|
Предисловие
Хладнокровный палач-убийца, который замирает от ужаса при мысли, что однажды ему закажут собственного сына; звезда уголовного розыска капитан Королев, с его футбольным прозвищем Каток, который идет по следу преступника и скорее свернет себе шею, чем сойдет с пути истинного; известный писатель Исаак Бабель — то ли связной НКВД, то ли приставленный к капитану соглядатай; король криминального мира Коля Граф, который взял на себя миссию уничтожить всех, кто причастен к осквернению святыни, — все эти герои и злодеи оживают на страницах романа с, казалось бы, классическим детективным названием «Пропавшая икона». Так мог бы назвать что-нибудь из своей холмсианы сэр Артур Конан Дойл, не будь он католиком, но вряд ли он взялся бы писать роман о Москве тридцатых годов… Очень скоро читатель понимает, что может означать похищение иконы в самый атеистический период советской истории, когда здание храма политкорректно называют «бывшая церковь» и устраивают в нем танцы, когда Библию прячут в подполе или заворачивают в ее страницы пирожки, а свое культурное наследие социалистическое государство задорого продает «загнивающему» капиталистическому Западу. Похищение иконы влечет за собой не только проведение дознания, но пытки и человеческие жертвы: американская монахиня, «распятая» на алтаре, русский вор, с которого живьем срезают его покрытую татуировками кожу, и, наконец, чекист.
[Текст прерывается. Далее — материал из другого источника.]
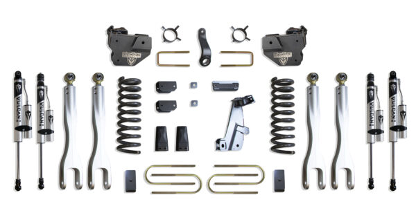 MAX TRAC SUSPENSION’S KIT# K947341VRL IS A COMPLETE 4″ LIFT KIT INCLUDING DIESEL COILS, FORGED ALUMINUM 4-LINKS, TRAC BAR BRACKET, PITMAN ARM, SWAY BAR BRACKETS, BUMP STOPS, BLOCKS, U-BOLTS & FRONT/REAR VULCAN SERIES RESERVOIR SHOCKS
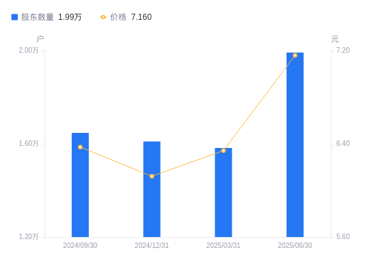 8月28日消息,数据显示,截至2025年6月30日,永东股份A股股东总户数为1.99万户,较上期(2025年3月31日)增加4096户,增幅25.89%。公司最新A股总股本为3.76亿股,其中流通A股2.43亿股,户均持有流通A股数量为1.22万股,较上期减少3155.6股,降幅20.56%;户均持流通A股市值8.73万元,较上期减少1万元,降幅10.32%。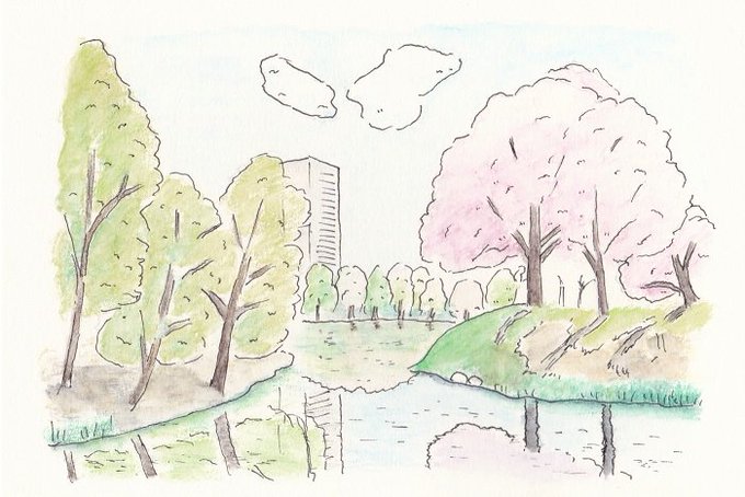 以前散歩のときに撮った中島公園を描いてみました。#透明水彩 #風景 #Watercolor #illustration #札幌市 #中島公園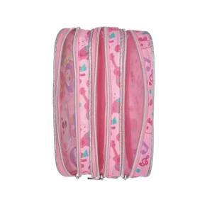 Coleção confeccionada em poliéster com estampa corrida, acabamentos iridescentes com glíter e zíper com puxadores de metal personalizados e etiqueta de tecido bordada em lurex na lateral.Dimensões do Produto:24 x 10,5 x 11 cm - 190g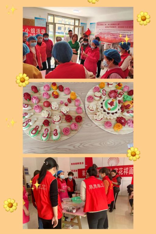 活动现场,小组组员们看到栩栩如生的花馍,热情高涨,跟着面点师傅的步骤、指导,也做出了一朵朵美丽的花馍。全部成员做完后,一起将做好的花馍放入锅中蒸熟。在等待的过程中,成员们仍在一直讨论制作方法,回家准备大显一番身手。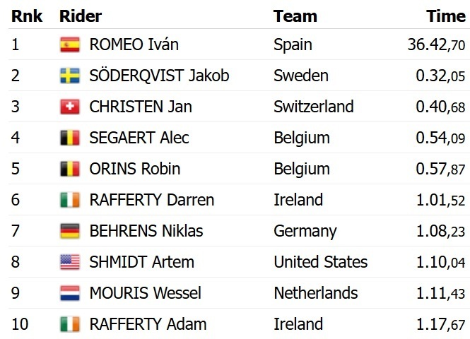 Испанский велогонщик Иван Ромео завоевал золото чемпионата мира 2024 года в индивидуальной разделке среди андеров (возрастная категория до 23 лет). Он опередил шведа Якоба Содерквиста и швейцарца Яна Кристена.

Итак, Уильям Райан — не Артур Конан Дойл, а его Алексей Королев — не Шерлок Холмс, но и ему, как легендарному сыщику с Бейкер-стрит, придется прибегнуть к помощи уличных мальчишек. Кому, как не советским беспризорникам, по плечу найти в стогу сена иголку — в Москве-муравейнике американскую гражданку, пока ее не постигла участь замученной в «бывшей церкви» монахини… Самого Королева отстраняют от дела — слишком близко он подобрался к разгадке, и похоже, что тот, в чьих руках сосредоточена власть, ведет грязную игру. В общем, одним убитым чекистом дело о пропавшей иконе Казанской Божией Матери не обойдется… Но ветеран советскопольской войны Королев не раз встречался со смертью лицом к лицу!
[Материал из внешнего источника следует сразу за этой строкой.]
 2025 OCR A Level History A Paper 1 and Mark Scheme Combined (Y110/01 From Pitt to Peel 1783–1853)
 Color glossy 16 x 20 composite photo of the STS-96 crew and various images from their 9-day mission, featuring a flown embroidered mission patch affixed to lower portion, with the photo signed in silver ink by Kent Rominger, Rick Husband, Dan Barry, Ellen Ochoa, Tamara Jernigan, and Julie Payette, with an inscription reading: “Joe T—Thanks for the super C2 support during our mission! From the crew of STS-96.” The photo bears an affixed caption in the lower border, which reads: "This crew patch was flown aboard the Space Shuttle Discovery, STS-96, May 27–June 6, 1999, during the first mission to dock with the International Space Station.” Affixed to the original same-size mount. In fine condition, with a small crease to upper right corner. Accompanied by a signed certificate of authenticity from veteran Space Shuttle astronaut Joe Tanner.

Вдумчивый читатель найдет в дебютном романе бывшего адвоката Райана нечто большее, чем просто динамичный детектив с лихо закрученным сюжетом. Он получит портрет эпохи террора, и в нем не будет места пастели и акварели — для жестокой правды их краски слишком блеклые. Уильям Райан препарирует советские реалии тридцатых годов так же бесстрастно, как патологоанатом Честнова вскрывает грудные клетки их жертвам. Назвать этот роман приятным чтивом — все равно что прославлять Сталина как доброго вождя, но книга затягивает и не отпускает до последней страницы, на которой вас ждет, как-то не по-советски это звучит… неужели happy end?
***
Королев начал искать глазами телефон, чтобы позвонить на Петровку, и в этот момент увидел два черных воронка, припаркованных чуть поодаль от церкви. Возле автомобилей стояли несколько человек в милицейской форме. Королев догадался, что это и есть место преступления, о котором говорил Попов. Маленькая церквушка была украшена комсомольским плакатом: он висел на входе и приглашал членов ВЛКСМ на танцы в поддержку испанских товарищей. Территорию вокруг церкви обнесли ленточкой, хотя в этом не было никакой необходимости, так как прохожие, издалека завидев сотрудников милиции, и так спешили перейти на другую сторону улицы.
И только голодная дворняжка, которой чудом удалось пережить лето и не оказаться в чьем-то супе, да три замызганных уличных беспризорника проявляли живой интерес к происходящему — да и то с безопасного расстояния. Из церкви появился Попов в сопровождении милиционеров, которые на ходу слушали его указания.
Генерал кулаком бил по ладони, очевидно, стараясь подчеркнуть важность своих инструкций. Королев подошел к Попову, и тот кивнул ему в знак приветствия.
— Вижу, тебе передали мое сообщение, — сказал генерал.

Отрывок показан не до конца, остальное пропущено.